Around 135. I haven't gone higher, but I haven't benched in a long time either.


----------



## Shannon (Jun 20, 2006)

I haven't known that in 15 years.


----------



## Donnie (Jun 20, 2006)

Right now? Probably next to nothing.


----------



## The Dark Wolf (Jun 20, 2006)

400 pounds. I'm the fucking mack.


----------



## Ken (Jun 20, 2006)

I have no idea. I'm as strong as I care to be, I suppose.


----------



## Naren (Jun 20, 2006)

No idea. I haven't benchpressed in 6 years. Maybe 500 pounds?


----------



## The Dark Wolf (Jun 20, 2006)

Naren said:


> No idea. I haven't benchpressed in 6 years. Maybe 500 pounds?


I really meant 600.


----------



## Naren (Jun 20, 2006)

The Dark Wolf said:


> I really meant 600.



When I said 500, I meant 500 per side. So, 1000.


----------



## The Dark Wolf (Jun 20, 2006)

Naren said:


> When I said 500, I meant 500 per side. So, 1000.


That's pretty impressive.

Of course, I meant 600 with each finger.


----------



## nitelightboy (Jun 20, 2006)

You guys crack me up.

Honestly, about 350 normally and I can max at about 375. I weigh about 225 or so, so it's not the greatest, but I keep adding weight every week.


----------



## Release (Jun 20, 2006)

270. and i weigh 150


----------



## Drew (Jun 20, 2006)

Idunno... How much does two 30-packs weigh?


----------



## Chris (Jun 20, 2006)

I pyramid from 185-255, but haven't maxed out in ages.


----------



## Shawn (Jun 20, 2006)

195. I am 5' 9" and I weigh about 148. I bench about 145 and do sets, it is perfect. If im going to the max which I don't like doing, 195 is the most I have ever done.


----------



## Matt Crooks (Jun 20, 2006)

12 oz., or 16 oz. if it's a tall-boy.


----------



## Makelele (Jun 20, 2006)

85 kgs so about 187 pounds. I last went to the gym in March, so I don't think i could do that now, but after a couple of times to the gym I could. 

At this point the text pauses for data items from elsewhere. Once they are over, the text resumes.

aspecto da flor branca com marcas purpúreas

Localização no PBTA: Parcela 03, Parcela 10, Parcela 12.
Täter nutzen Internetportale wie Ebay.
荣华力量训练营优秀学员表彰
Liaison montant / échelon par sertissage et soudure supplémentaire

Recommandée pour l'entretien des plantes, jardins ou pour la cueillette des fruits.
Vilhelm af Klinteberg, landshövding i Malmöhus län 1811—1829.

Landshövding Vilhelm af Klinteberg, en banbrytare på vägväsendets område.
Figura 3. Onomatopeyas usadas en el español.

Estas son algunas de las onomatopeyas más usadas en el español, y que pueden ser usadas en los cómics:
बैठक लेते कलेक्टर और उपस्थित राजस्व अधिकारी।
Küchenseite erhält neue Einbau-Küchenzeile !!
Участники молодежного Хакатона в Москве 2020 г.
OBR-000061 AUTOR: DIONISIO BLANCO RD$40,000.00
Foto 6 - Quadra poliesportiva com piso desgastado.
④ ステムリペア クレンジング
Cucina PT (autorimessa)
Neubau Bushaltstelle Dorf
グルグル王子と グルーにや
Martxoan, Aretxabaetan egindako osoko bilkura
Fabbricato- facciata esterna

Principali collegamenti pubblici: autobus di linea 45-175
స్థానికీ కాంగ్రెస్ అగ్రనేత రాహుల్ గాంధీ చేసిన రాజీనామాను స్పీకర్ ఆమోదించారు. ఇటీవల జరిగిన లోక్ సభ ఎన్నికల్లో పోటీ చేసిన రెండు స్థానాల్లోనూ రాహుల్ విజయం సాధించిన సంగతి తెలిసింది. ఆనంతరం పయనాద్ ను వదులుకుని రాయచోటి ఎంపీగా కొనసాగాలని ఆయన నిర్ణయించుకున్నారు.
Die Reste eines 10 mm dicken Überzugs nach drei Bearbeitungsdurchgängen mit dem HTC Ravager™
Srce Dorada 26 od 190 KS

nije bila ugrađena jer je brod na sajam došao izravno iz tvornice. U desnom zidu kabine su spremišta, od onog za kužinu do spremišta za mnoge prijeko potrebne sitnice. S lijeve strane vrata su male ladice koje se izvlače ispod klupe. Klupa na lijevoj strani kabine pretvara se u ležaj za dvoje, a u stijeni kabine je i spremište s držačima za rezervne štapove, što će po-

My record went from 70 to 85 in a month or two, so I think I could increase it quite quickly.


----------



## Dive-Baum (Jun 20, 2006)

425 for now...I am not going to max again for a few months. It always ends up hurting my shoulders. I will hit 500 lbs this year...bet on it.

I weigh 305lbs


----------



## Nik (Jun 20, 2006)

Dive-Baum said:


> 425 for now...I am not going to max again for a few months. It always ends up hurting my shoulders. I will hit 500 lbs this year...bet on it.
> 
> I weigh 305lbs



Damn dude, that's crazy.

I'm still benching 245, but I only weight 135. My weight hasn't changed at all over the last 2 years even though I can bench much more


----------



## Dive-Baum (Jun 20, 2006)

Nik,
ANY time you can bench colse to 2x your body weight you are doing incredible. If I couldn't bench as much as I do I wouldn't be able to do a pushup ya know? Or get laid for that matter. I am a really big guy. My chest is 58 inches around, I have to get suits custom taylored every time I get a new one. I need to able to put up some weight. I used to lift in competition and played football. So basically I have worked out off and on since I was a kid. Once you put it on you never lose all of it no matter how long you take off. Since I started back (I took a 4 month hiatus) I already see everything looking like it should. All my shirts are too tight again at the shoulders and chest. I fuckin love it.


----------



## Jason (Jun 20, 2006)

I can bench 10lbs with my weiner.


----------



## Naren (Jun 20, 2006)

The Dark Wolf said:


> That's pretty impressive.
> 
> Of course, I meant 600 with each finger.



When I said "per side," I meant "per side of each finger." So 1000 per finger.


----------



## David (Jun 20, 2006)

ahhhh... I must be a pussy... I bench 135 and max 150.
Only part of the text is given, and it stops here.